Giacanelli, nella introduzione a K. Dörner (immagine 20), poderosa riflessione su storia e statuto della Psichiatria, descrive bene la arretratezza della Psichiatria italiana, in cui non si erano sedimentate né fenomenologia, né psicoanalisi (e con esse l’attitudine a iscrivere in un orizzonte di senso i fenomeni della psicopatologia, o almeno a cercarlo di farlo). Non è forse un caso che proprio in questa particolare arretratezza si sviluppi poi l’esperienza più dirompente di quegli anni.
Altrove, la critica al riduttivismo e la battaglia umanistica per la comprensione da tempo avevano alimentato quella che ora si chiamerebbe una visione “bio-psico-sociale” della sofferenza mentale. Basta scorrere, ad esempio, l’indice dei grandi “Colloqui di Bonneval”, organizzati da H. Ey, in cui discutevano insieme psichiatri, fenomenologi, neuroscienziati, psicoanalisti, filosofi marxisti (immagine del colloquio di Bonneval L’Inconscient, 1966 (immagine 21) .
Quella critica aveva già ispirato sia esperienze anti-istituzionali radicali, che in quegli anni divennero molto popolari (Laing, immagine 22), sia, soprattutto, un esteso movimento “riformista”.

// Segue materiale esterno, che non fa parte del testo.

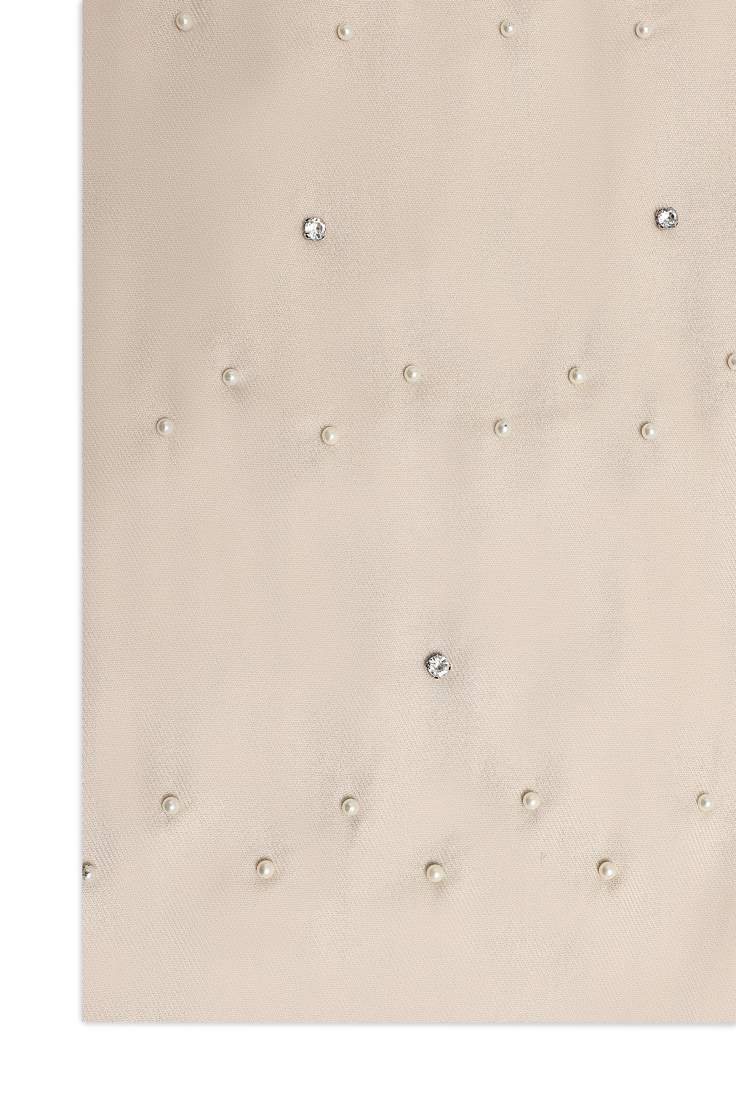 Glistening accents fall across a smooth matte-sheen backdrop. The pearl-stud layout offers just the right hint of glamour. Finished with finely knotted fringe edges.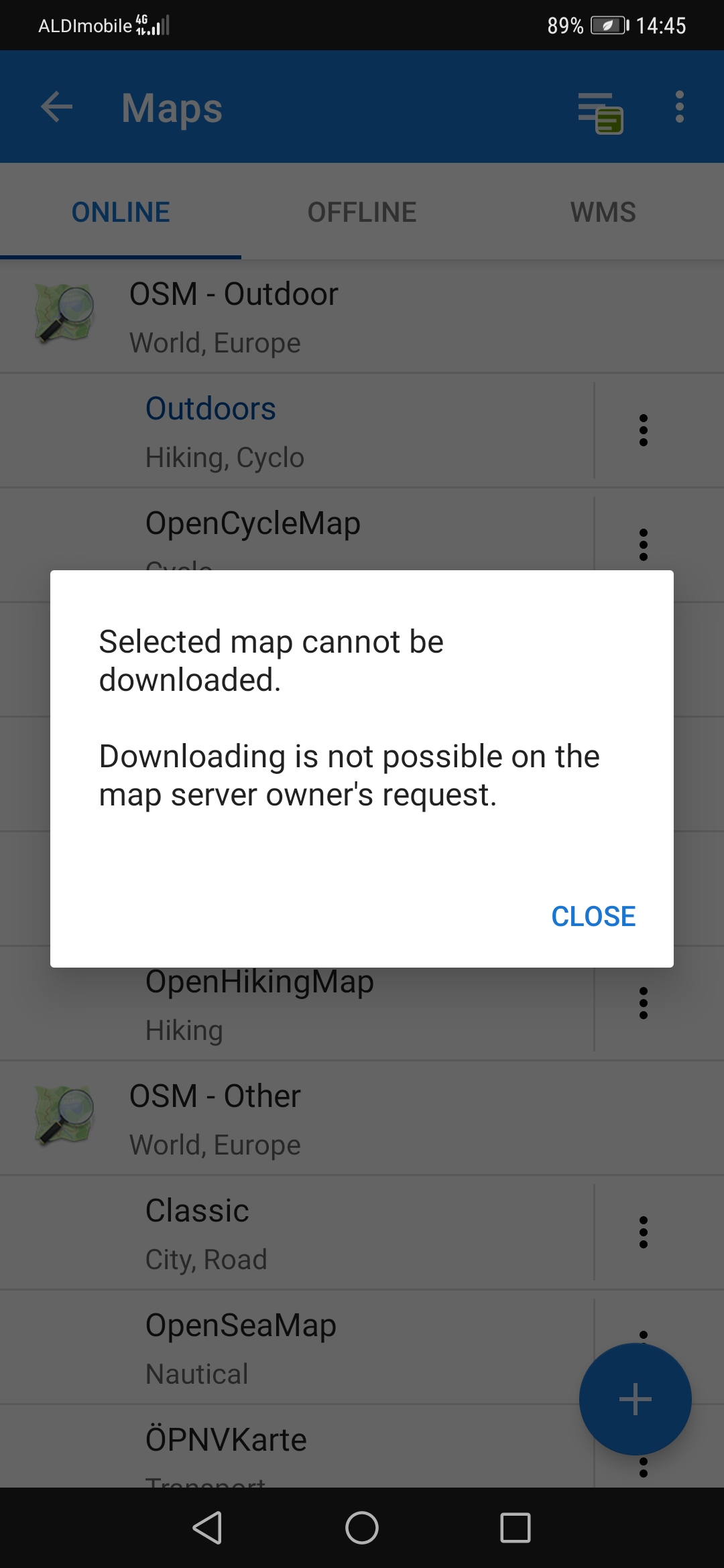 Getting this error when downloading OSM Outdoor maps: "Selected map cannot be downloaded. Downloading is not possible on the map servers owners request".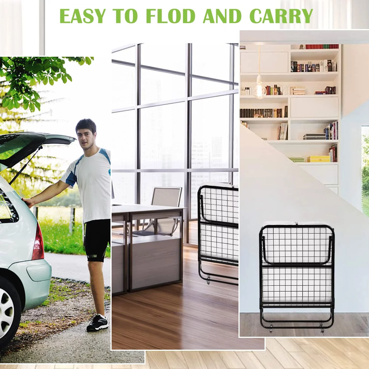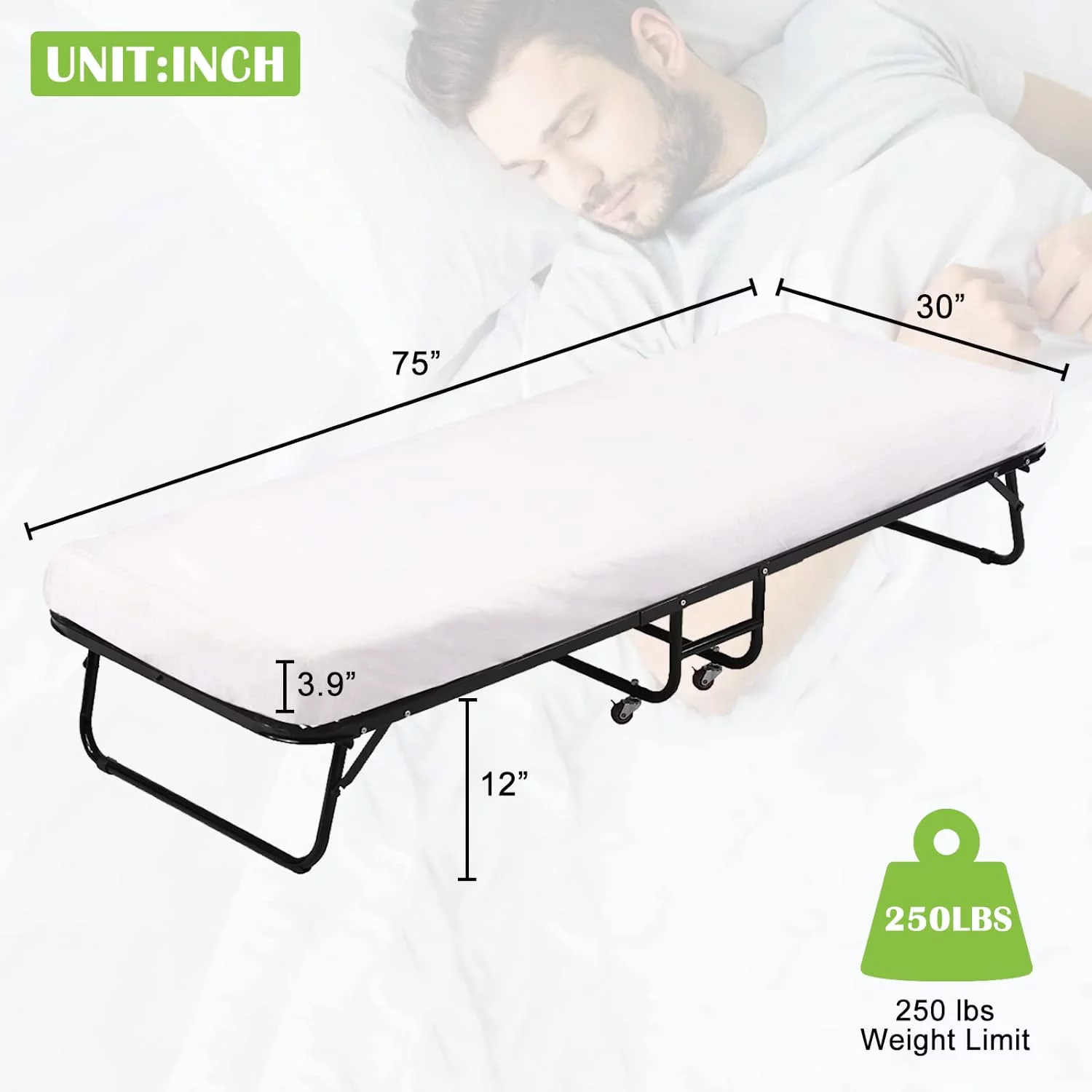 YRLLENSDAN Rollaway Folding Guest Bed with 4 inch Mattress, Portable Camping Cots for 300 lbs Adults with Wheels Rollaway Bed Twin Size with Foam Mattress Heavy Duty Foldable Metal Bed Frame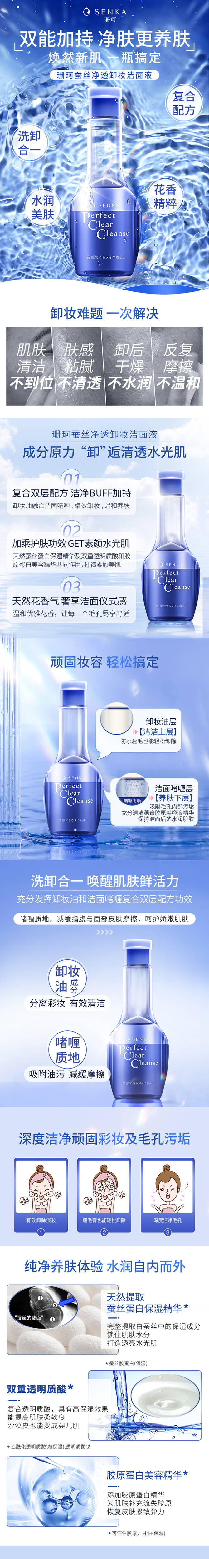 卸妆同时清洁肌肤,洗卸合一,双能加持。 无需二次洁面,一瓶搞定。
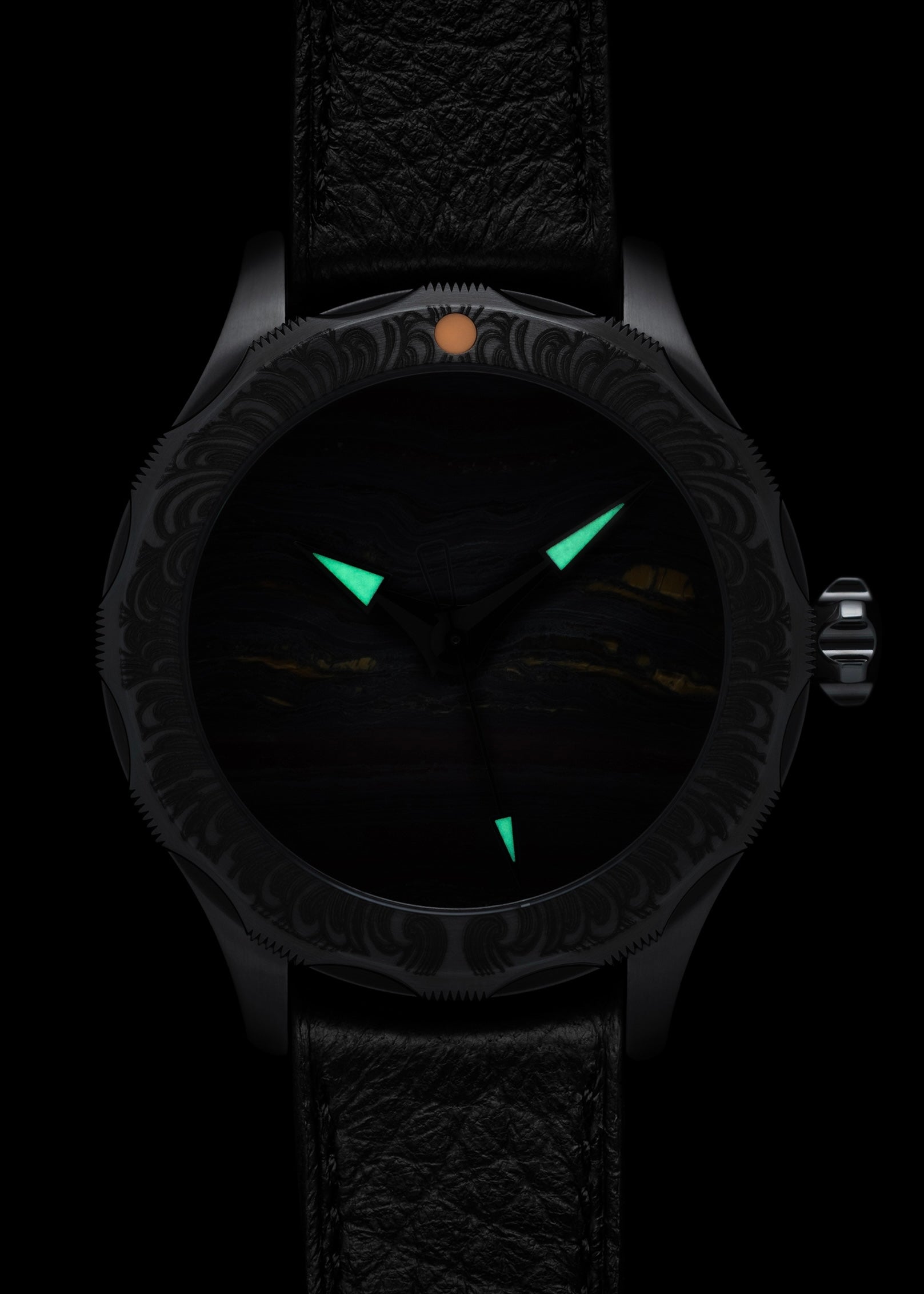 Similar to previous Vetehinen, this Special Edition still carries that unmistakable Sarpaneva DNA: bold hands, signature crown, and "gear-like" rotating bezel with Mo Coppoletta tattoo-inspired engraving. The incredibly tactile unidirectional bezel featuring serrated edges at 5 minute intervals for amazing grip. The large round pip on the bezel is filled with Superluminova to match the luminous hands.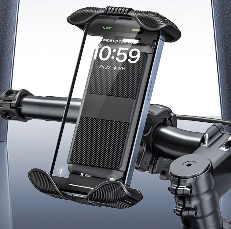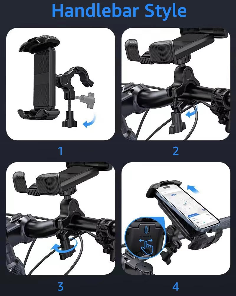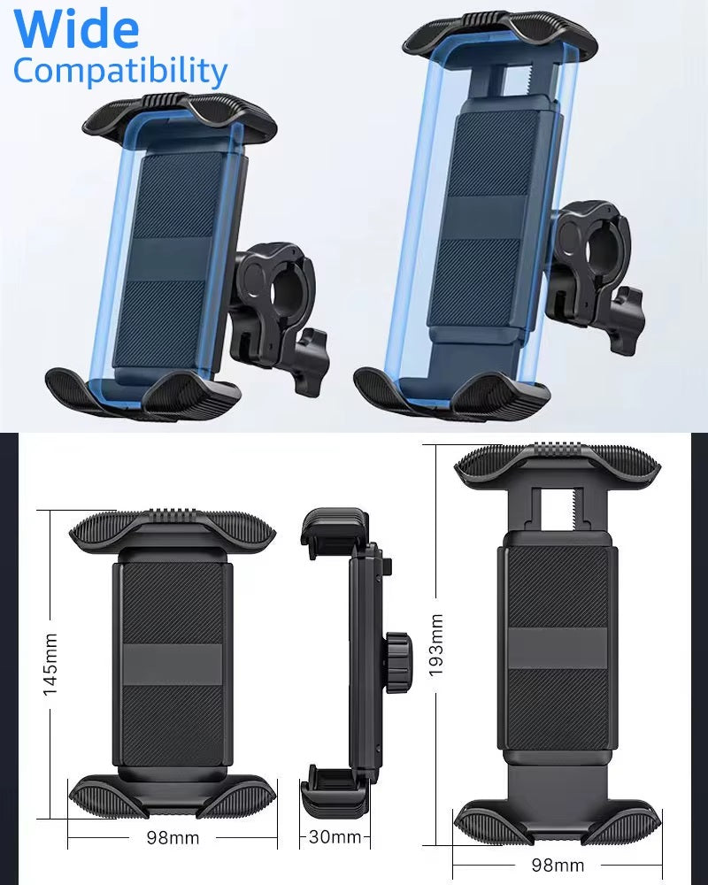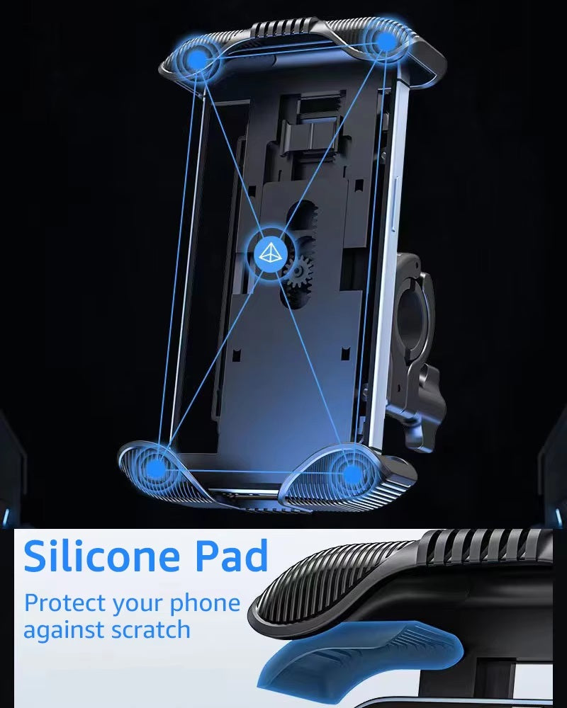 ☁Secure Grip, Enhanced Safety: The reinforced base of our bike phone attachment ensures a sere grip, double-locking onto handlebars without shaking or slipping.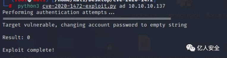 发现该主机为域内主机,存在ZeroLogon置空漏洞。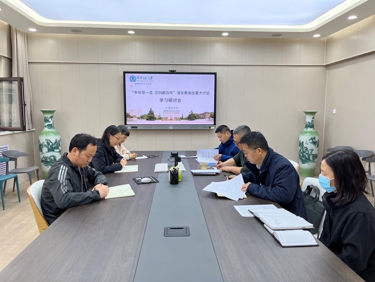 会上,院领导班子成员就“争创双一流 迈向新百年”深化教育改革大讨论活动进行了深入地交流与讨论。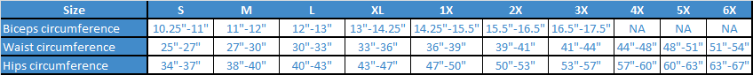 To find your post surgical arm compression garment size, use a soft measuring tape and follow the sizing chart below: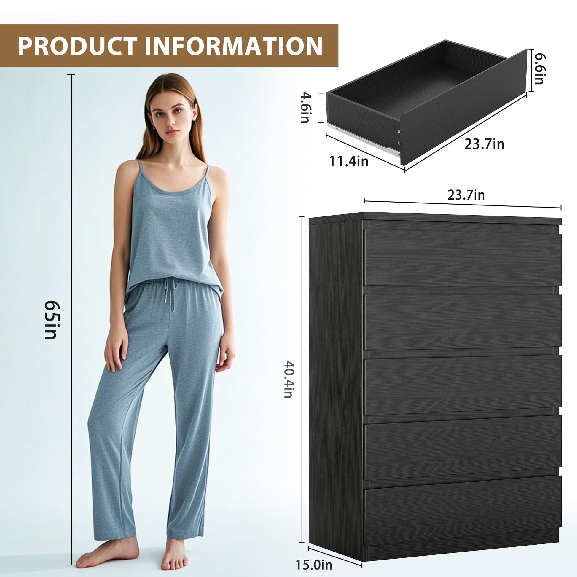 This modern 5-drawer dresser combines sleek design with practical storage for bedroom, living room, hallway, or entryway spaces. Crafted from durable wood with a sophisticated black finish, this chest of drawers features deep drawers that provide ample storage capacity for clothing, linens, and household items.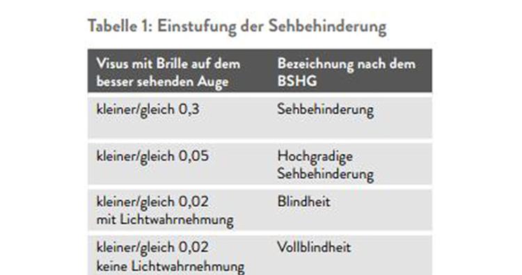 Nach der Versorgungsmedizinischen Verordnung wird zwischen Sehbehinderung, hochgradiger Sehbehinderung und Blindheit unterschieden (siehe Tabelle 1). Gesichtsfelddefekte (z.B. Hemianopsie, vergrößerter blinder Fleck, Zentralskotom, tunnelförmige Einschränkung des peripheren Gesichtsfelds) beeinflussen zusätzlich den Grad der Sehbehinderung. [1-3]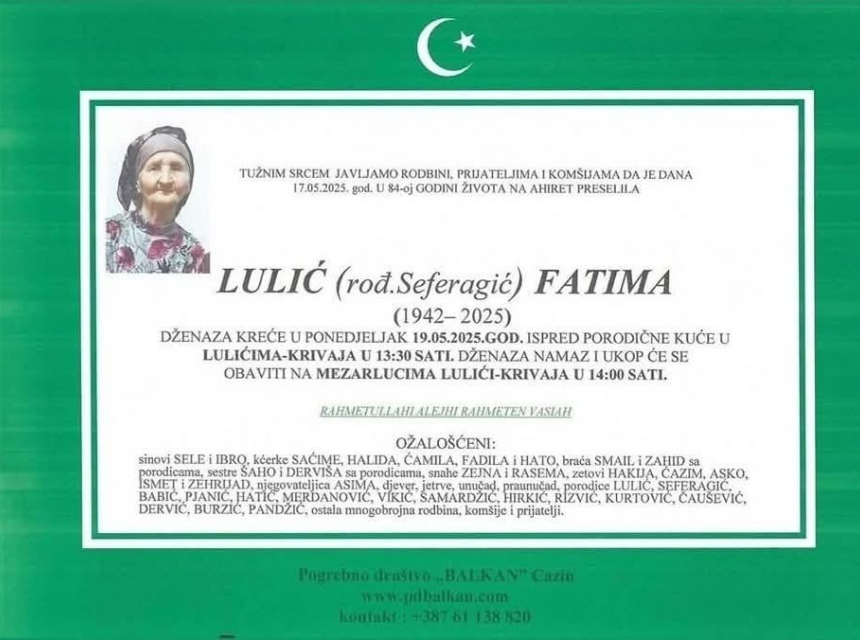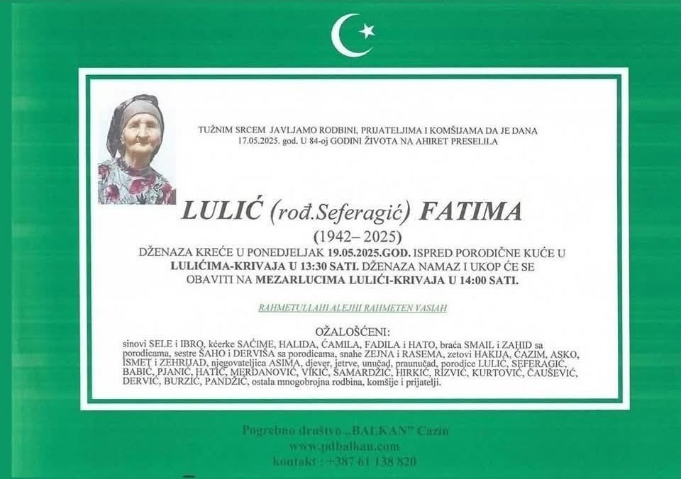 Tužnim srcem jjavljamo rodbini, prijateljima i poznanicima da je dana 17.05.2025. godine u 84-oj godini života, na ahiret preselila naša draga Lulić (rođ. Seferagić) Fatima

Anzi. La critica al riduzionismo della “spiegazione”, largamente diffusa, si estendeva talvolta (forse con una fuga in avanti) perfino a quello della “comprensione”( “questa nauseante categoria così per-bene”, come l’aveva definita Lacan) che, con il suo riportare al “senso comune” l’irriducibile esperienza della follia, rischiava di funzionare da paradossale ostacolo a un vero incontro con essa: “errare…ecco cosa si può fare con queste persone, con le quali il discorso si/ci chiude in continuazione…cercare di costruire provvisorie passerelle…perché esse si possano avvicinare al dire… e, soprattutto, saper rinunciare a comprendere!...”(J. Oury) (immagine 23)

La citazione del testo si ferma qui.